Christoph Steininger,* Jan van Lunzen,* Kathrin Tintelnot,† Ingo

Sobottka,* Holger Rohde,* Matthias Ansver Horstkotte,* and Hans-

Jürgen Stellbrink*

*University Clinic Eppendorf, Hamburg, Germany; and † Koch-

Institut, Mykologie, Berlin, Germany

Suggested citation for this article

http://www.cdc.gov/ncidod/EID/vol11no02/04-0915.htm

Click to view enlarged image

Figure. Chrysosporium sp. brain abscess in an HIV-seropositive

patient...

To the Editor: A 38-year-old, HIV-seropositive Nigerian man sought

treatment with an 8-month history of severe parietal headache,

impaired memory, fatigue, paresthesia of the left arm, and left-

sided focal seizures. He had no history of neurologic disorders,

including epilepsy. On physical examination, the patient appeared

well, alert, and oriented, with slurred speech. Evaluation of the

visual fields showed left homonymous hemianopsia. All other

neurologic assessments were unremarkable. The patient had a blood

pressure of 120/80, a pulse of 88 beats per minute, and a body

temperature of 37.3°C. Leukocyte count was 8,600/µL, total

lymphocyte count was 1,981/µL, CD4+ cell count was 102/µL, and

CD4/CD8 ratio was 0.07. HIV RNA-load was <50 copies/mL; all other

laboratory parameters were normal. The patient had received

antiretroviral therapy (stavudine, lamivudine, nevirapine) for 5

months before admission, but no prophylaxis for opportunistic

infections. Magnetic resonance imaging (MRI) of the brain disclosed

2 masses, 3.3 and 4.8 cm in diameter, respectively (Figure A), and

signs of chronic sinusitis. A computed tomographic chest scan showed

infiltration of both lower segments with multiple, small nodules

(Figure B). Blood cultures were repeatedly negative. A computer-

guided needle-aspiration of the brain lesions yielded yellow-brown,

creamy fluid in which abundant septated fungal hyphae were detected

microscopically (Figure C).
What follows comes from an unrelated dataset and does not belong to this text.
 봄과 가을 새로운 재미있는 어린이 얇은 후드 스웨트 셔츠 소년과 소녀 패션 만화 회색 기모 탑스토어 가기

Cytologic investigation was consistent

with a necrotic abscess. The cycloheximide-resistant isolate was

strongly keratinolytic and identified as a Chrysosporium anamorph of

Nannizziopsis vriesii (1,2). High-dose antimicrobial treatment with

voriconazole (200 mg twice daily, subsequently reduced to 200 mg

daily) was added to the antiretroviral (ritonavir, amprenavir,

trizivir), anticonvulsive, and adjuvant corticosteroid treatment.
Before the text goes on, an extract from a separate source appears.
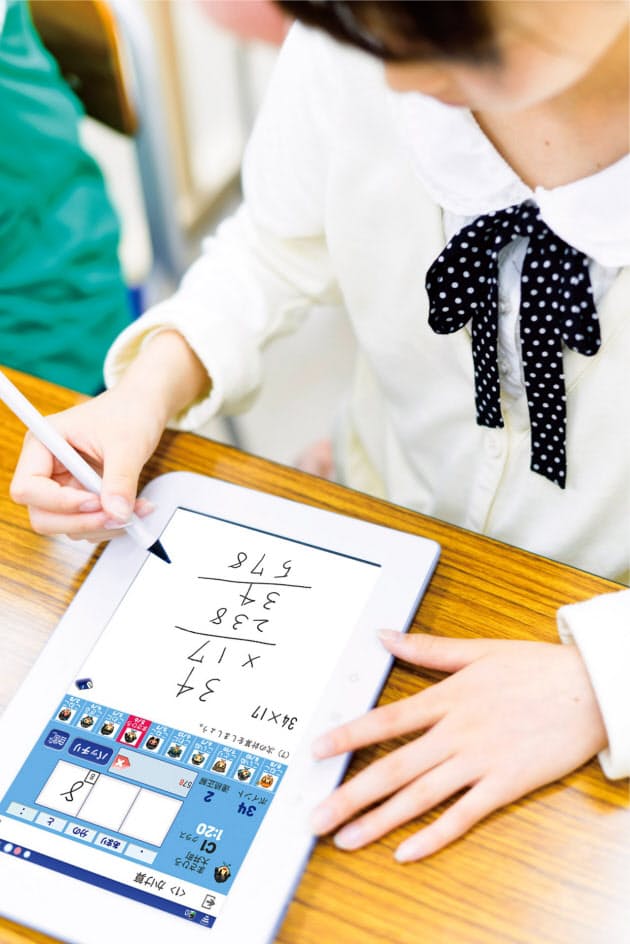 画面上にタッチペンで書き込みができるタブレットにフレンズの専用アプリを入れて使う。生徒が解答を書くと、一問ずつ即時に採点。正答率や解答までの時間をポイントに…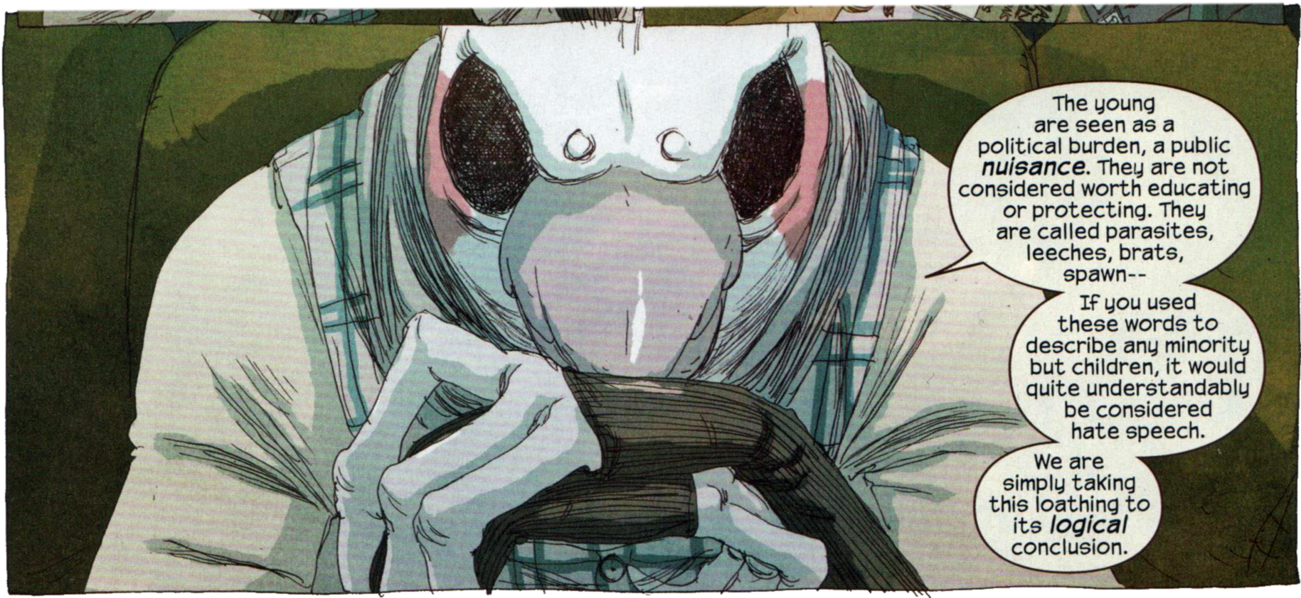 “The young are seen as a political burden, a public nuisance. They are not considered worth educating or protecting. They are called parasites, leeches, brats, spawn– [. . .] We are simply taking this loathing to its logical conclusion.”

The isolate was highly susceptible to voriconazole in vitro (MIC,

<16µg/mL [Etest, AB-Biodisk Solna, Sweden]). Recovery was

complicated by a generalized seizure and severe, acute psychosis

associated with rapid refilling of the 2 lesions with mycotic

abscess fluid. After re-aspiration, the patient's psychosis improved

gradually, and no further seizures occurred. When last seen 4 months

later, the patient was healthy and without neurologic deficits. His

CD4+ cell count was 233/µL, HIV-load was <50 copies/mL, and a MRI

scan of the brain showed partial regression of the 2 brain lesions

(Figure D).

Chrysosporium spp. are common soil saprobes, occasionally isolated

from human skin. Invasive infection is very rare in humans, and most

were observed in immunocompromised patients, manifesting as

osteomyelitis (3,4) or diffuse vascular brain invasion (5). Here, we

report the first case of brain abscesses by the Chrysosporium

anamorph of N. vriesii. This fungus has been associated with fatal

mycosis in reptiles (6,7) and cutaneous mycosis in chameleons

originating from Africa (2).

In our patient, we were unable to determine the portal of entry and

the sequence of fungal dissemination; no skin lesions were present

at the time of admission. However, the multifocal nature, lung

infiltration, and involvement of the middle cerebral artery

distribution suggest hematogenous dissemination (8,9) after

replication of airborne conidia within the respiratory tract.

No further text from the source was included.